In 2015, the Quebec government authorized Hydro-Québec’s project to build the Chamouchouane-Bout-de-l’Île transmission line, which was to be routed partly on the site of the servitudes acquired in 1972 and parallel to the line already built. This new line was intended to secure Montreal’s electricity capacity in the aftermath of the province’s great ice storm of 1998 that caused a massive power outage.
The landowners claimed that the rights arising from the servitudes acquired when the Jacques‑Cartier–Duvernay line was constructed were limited to that one line only between those two substations, and they subsequently blocked access to Hydro-Québec for the purposes of constructing a second line.

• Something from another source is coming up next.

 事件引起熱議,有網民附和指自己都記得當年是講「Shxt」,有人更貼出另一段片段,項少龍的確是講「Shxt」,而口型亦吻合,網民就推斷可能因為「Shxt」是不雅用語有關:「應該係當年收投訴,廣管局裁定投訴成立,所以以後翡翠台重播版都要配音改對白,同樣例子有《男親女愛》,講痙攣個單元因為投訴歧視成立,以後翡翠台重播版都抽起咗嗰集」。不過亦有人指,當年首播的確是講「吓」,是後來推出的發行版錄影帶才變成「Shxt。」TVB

During the trial the landowners learned for the first time of the redirection of the Jacques‑Cartier–Duvernay line, and amended their proceedings to claim that not only could Hydro-Québec not add a second line over their properties, but that Hydro-Québec had illegally modified the old line that connected the Jacques-Cartier and the Duvernay substations, which was specified in the expropriation orders. They also claimed damages for the unintended use of the original rights.
The majority of the Quebec Court of Appeal, in overturning the trial judge’s decision in favour of Hydro-Québec, agreed and ordered that “Hydro-Québec had to remedy the situation 37 years after the fact,” says Marseille.

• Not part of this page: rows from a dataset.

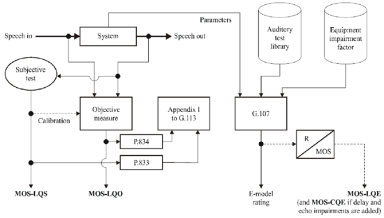 Voice quality measurement methodology overview showing subjective testing, objective measures (P.834, P.833), and E-model (G.107) approaches
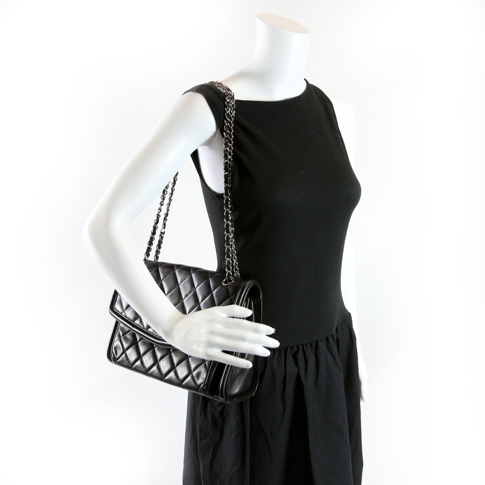 Geometric Large Flap Bag Lambskin 21M Black
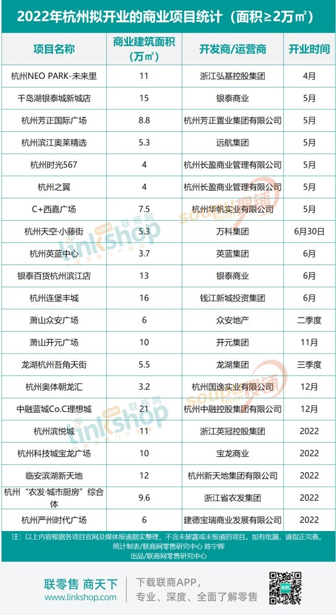 即將到來的2022年,杭州將繼續(xù)保持供應高峰。據(jù)聯(lián)商網(wǎng)零售研究中心統(tǒng)計,2022年杭州計劃開業(yè)的面積在2萬方以上的商業(yè)項目數(shù)量達21家,不含杭州之光·小藤街等2萬方以下的商業(yè)項目。這其中,諸如銀泰百貨杭州濱江店、龍湖杭州吾角天街、杭州天空·小藤街、杭州科技城寶龍廣場等項目備受期待。

But the Court of Appeal was wrong, the Supreme Court found.
“Having unduly limited the appellant’s rights on the respondents’ land to the Jacques‑Cartier–Duvernay line, the Court of Appeal concluded that the redirection of that line to the La Vérendrye substation in the early 1980s was incompatible with the servitudes,” wrote Justice Suzanne Côté in her reasons, with Chief Justice Richard Wagner and Justices Rosalie Abella, Michael Moldaver, Andromache Karakatsanis, Russell Brown and Sheilah Martin agreeing.
“The appellant submits that this conclusion seriously compromises the principle of stability of real rights on which the evolution of its system depends, especially given that redirecting an electrical transmission line to another substation has no effect on the situation of the servient land. As for the respondents, they see this change as a substitution for the dominant land.”

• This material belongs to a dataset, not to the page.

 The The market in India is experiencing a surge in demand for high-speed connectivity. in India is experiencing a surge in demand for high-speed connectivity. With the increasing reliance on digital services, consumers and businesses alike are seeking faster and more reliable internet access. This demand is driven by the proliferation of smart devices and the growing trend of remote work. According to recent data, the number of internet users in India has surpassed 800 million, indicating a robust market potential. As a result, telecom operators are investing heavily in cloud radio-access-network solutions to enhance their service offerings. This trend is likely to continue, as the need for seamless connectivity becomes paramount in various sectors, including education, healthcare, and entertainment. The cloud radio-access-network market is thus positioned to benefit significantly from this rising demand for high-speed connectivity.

The Court of Appeal erred in concluding that the appellant “’is using the line for a purpose other than the one provided for in the act of servitude,’” Justice Côté found. “The servitudes at issue must be analyzed in light of the agreements subsequent to the notices of expropriation, and those agreements contain no restrictions as to the origin of the electricity. They grant the right to … “place, replace, maintain and operate, on the said servient land, three (3) high‑ or low‑voltage electrical transmission line(s), and communication lines.”
A servitude acquired by expropriation is, according to the Civil Code, established by the operation of law, but neither law nor public order bars the expropriating party and the expropriated party from clarifying or modifying a servitude by mutual agreement. This means that notices of expropriation do not preclude parties from negotiating conventional servitudes as a matter of law, as had occurred in this case. And because servitudes (or easements elsewhere in Canada) are registered in land titles, any owner buying property with servitudes would be notified of such prior to purchase, and “the value of the property will be discounted accordingly,” Marseille notes.
“We argued that Hydro-Québec is building a huge network here, crucial to the economy of Quebec,” he adds. “The real rights that were established over a period of 50 years [since 1972 is] a principle that the Supreme Court has accepted now, of the stability of real rights. … And the Court of Appeal cannot come [along with] a decision 50 years after the fact and change the landscape.”
The decision also recognizes the need for Hydro-Québec – and other electricity providers – to “constantly improve its infrastructure” and replace aging power stations with new ones, he adds.